Given an array arr[] of N integers. Do the following operation n-1 times. For every Kth operation:
Right rotate the array clockwise by 1. Delete the (n-k+1)th last element. Now, find the element which is left at last.
Input:
The first line of input contains an integer T denoting the number of test cases. Then T test cases follows. Each test case contains two lines.

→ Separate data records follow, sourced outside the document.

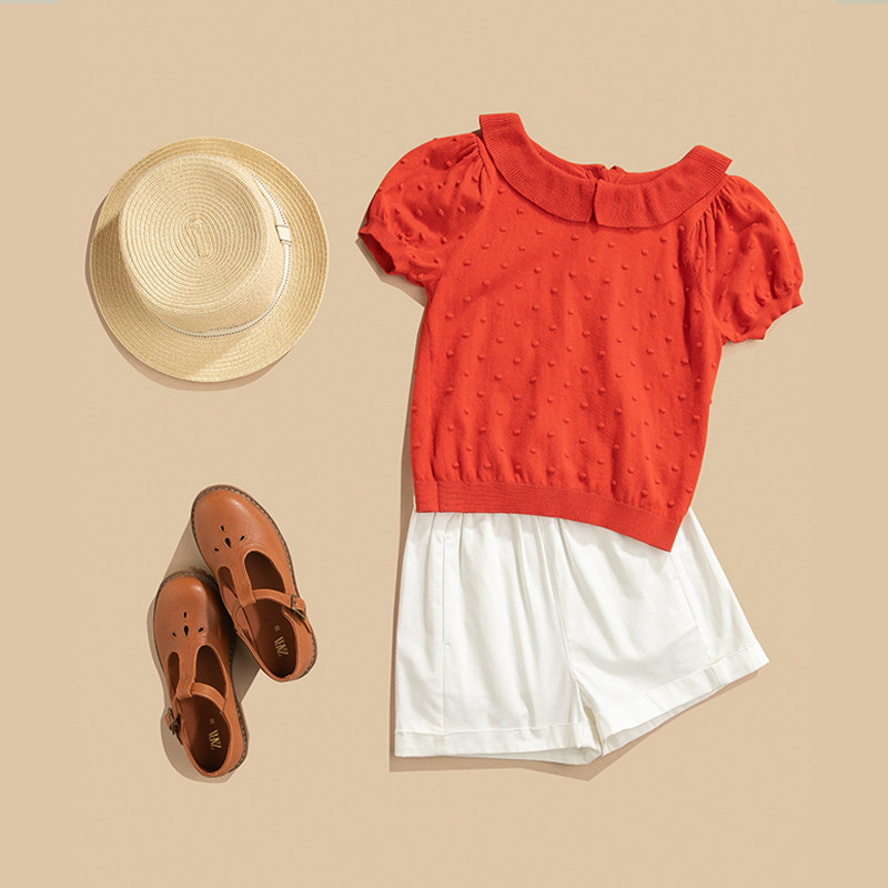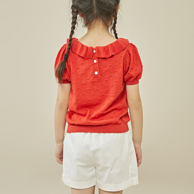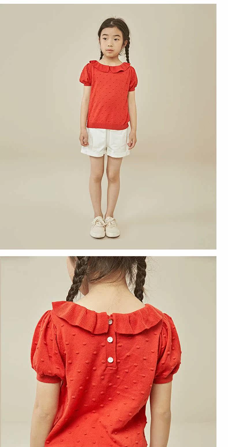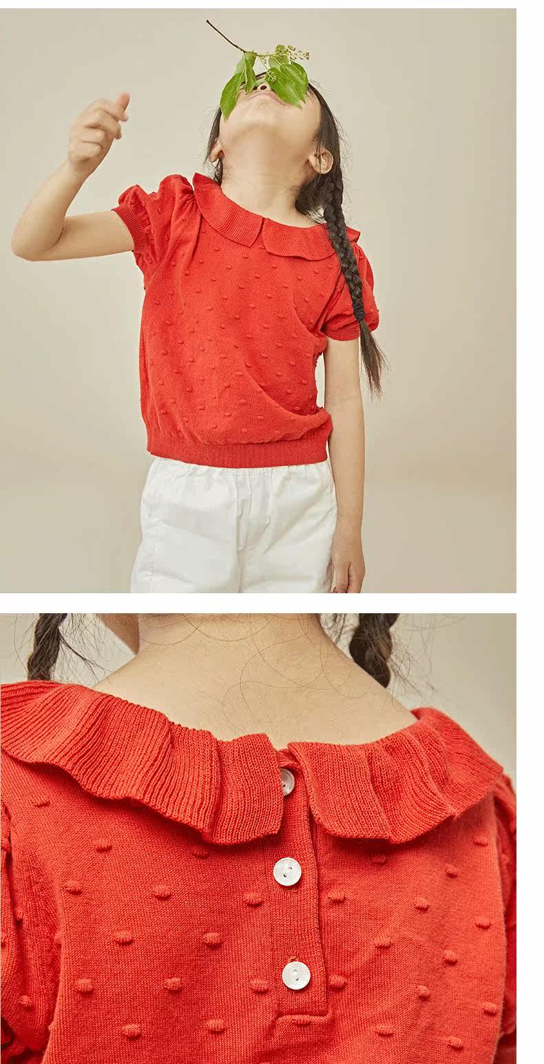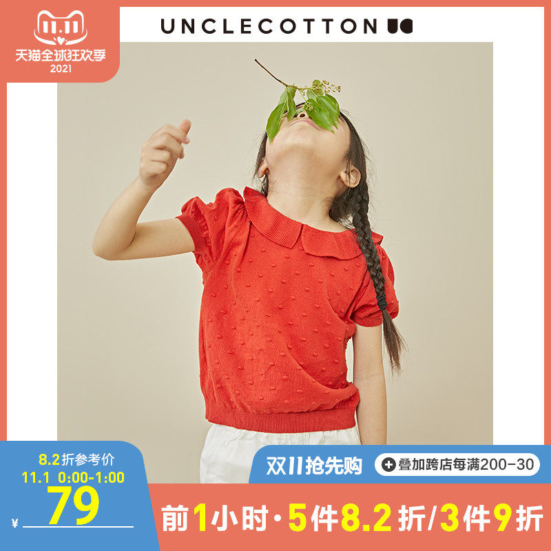 【Специальная цена на получение сделок】 Размер 110 хлопковые дядя девочка вязаная маленькая девочка с короткими рукавами
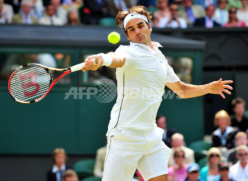 【6月30日 AFP】テニス、ウィンブルドン選手権(The Championships Wimbledon 2011)は29日、英ロンドン(London)で男子シングルス準々決勝が行われ、大会第12シードのジョーウィルフリード・ツォンガ(Jo-Wilfried Tsonga、フランス)が、6度の大会優勝経験を持つ第3シードのロジャー・フェデラー(Roger Federer、スイス)を3-6、6-7、6-4、6-4、6-4で下し、準決勝進出を決めた。
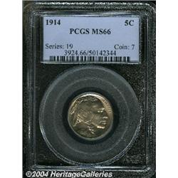 <B>1914<5C> MS66 PCGS.</B></I> This well struck Buffalo nickel displays an attractive blend of pale blue, rose, and gold color over lustrous surfaces. A small, inconspicuous mark in the Indian's hair does not detract in the least from the strong eye appeal of this lovely preserved specimen. <BR><BR><B>Important notice:</B> Heritage usually auctions material at the rate of 200-250 lots per hour. On some occasions eBay Live bid software or the Internet may not be able to keep up with the pace of the auction. We recommend placing a realistic absentee bid now as insurance to avoid disappointment. Occasionally the auctioneer may eliminate or reject an eBay Live bid, and the auctioneer may also reopen a lot after the close of the eBay live bidding (usually because we missed an audience bid), and may reject your bid even if it shows you as the winning bidder. By bidding via eBay Live, you agree that Heritage may award the lot to another bidder at its sole discretion under the circumstances described above or any other reasonable circumstances. Since eBay bids are not shown to us until we open the lot on the floor, we treat those bids just like floor bids. In most cases the floor responds before the eBay bid is presented to us, due to Internet lag time, so for consistency we have made it a policy that floor bids are always considered first over tie eBay live bids. Also please note that all Heritage lots purchased through eBay Live carry a 20% Buyer's Premium. Please make sure you read the Terms and Conditions before you bid.
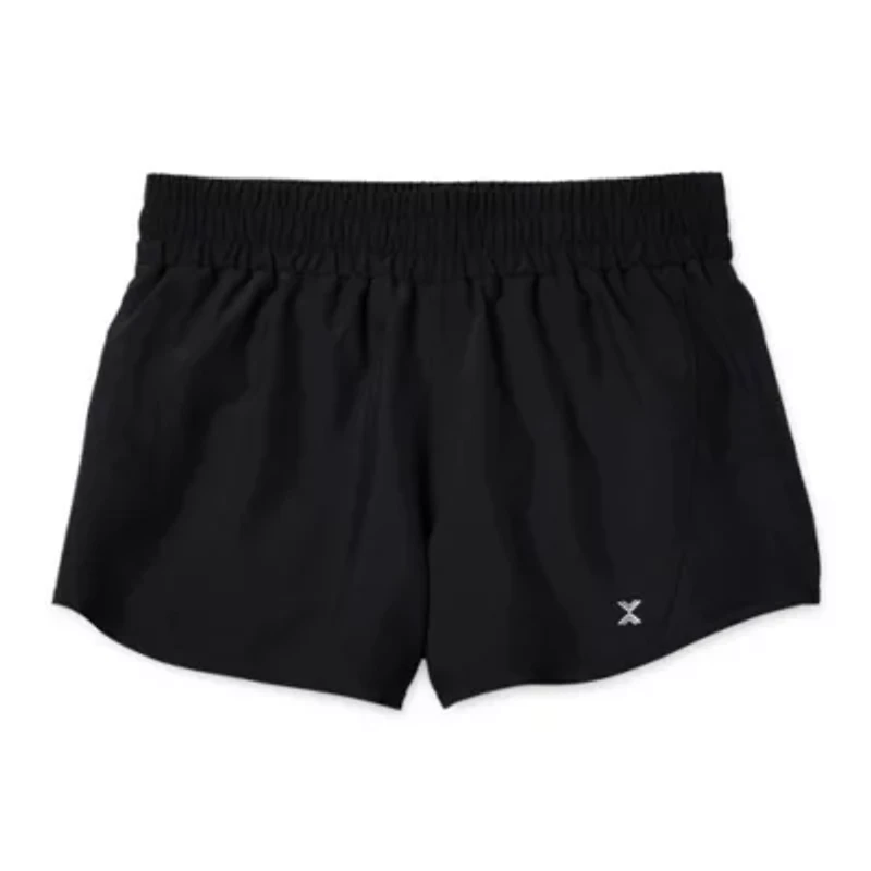For the active girl in your life, these Xersion little and big girl's running shorts are a must-have addition to her wardrobe. The flat front shorts are made from a plain weave fabric and feature an athletic-fit and an elastic-drawstring waistband. Team them with an active tank top and sneakers.

The first line of each test case contains an integer N. Then in the next line are N space separated values of the array arr[].
Output:
For each test case in a new line print the required result. 🔗Goto
Full Code
import java.io.*;
import java.util.*;
class Main {
public static void main (String[] args) throws IOException {
BufferedReader br = new BufferedReader(new InputStreamReader(System.in));
int t = Integer.parseInt(br.readLine().trim()); //Inputting the testcases
while(t-->0){
int n = Integer.parseInt(br.readLine().trim());
ArrayList<Integer> arr = new ArrayList<Integer>(n);
String inputLine[] = br.readLine().trim().split(" ");
for(int i=0; i<n; i++){
arr.add(Integer.parseInt(inputLine[i]));
}
Solution ob = new Solution();
System.out.println(ob.rotateDelete(arr, n));
}
}
}class Solution{
public static int rotateDelete(ArrayList<Integer> ar, int n){
for(int i = 1; i < n; ++i){
int temp = ar.get((ar.size() - 1));
ar.add(0 , temp);
ar.remove((ar.size() - 1));
if((ar.size() - i) < 0)
ar.remove(0);
else
ar.remove(ar.size() - i);
}
return ar.get(0);
}
}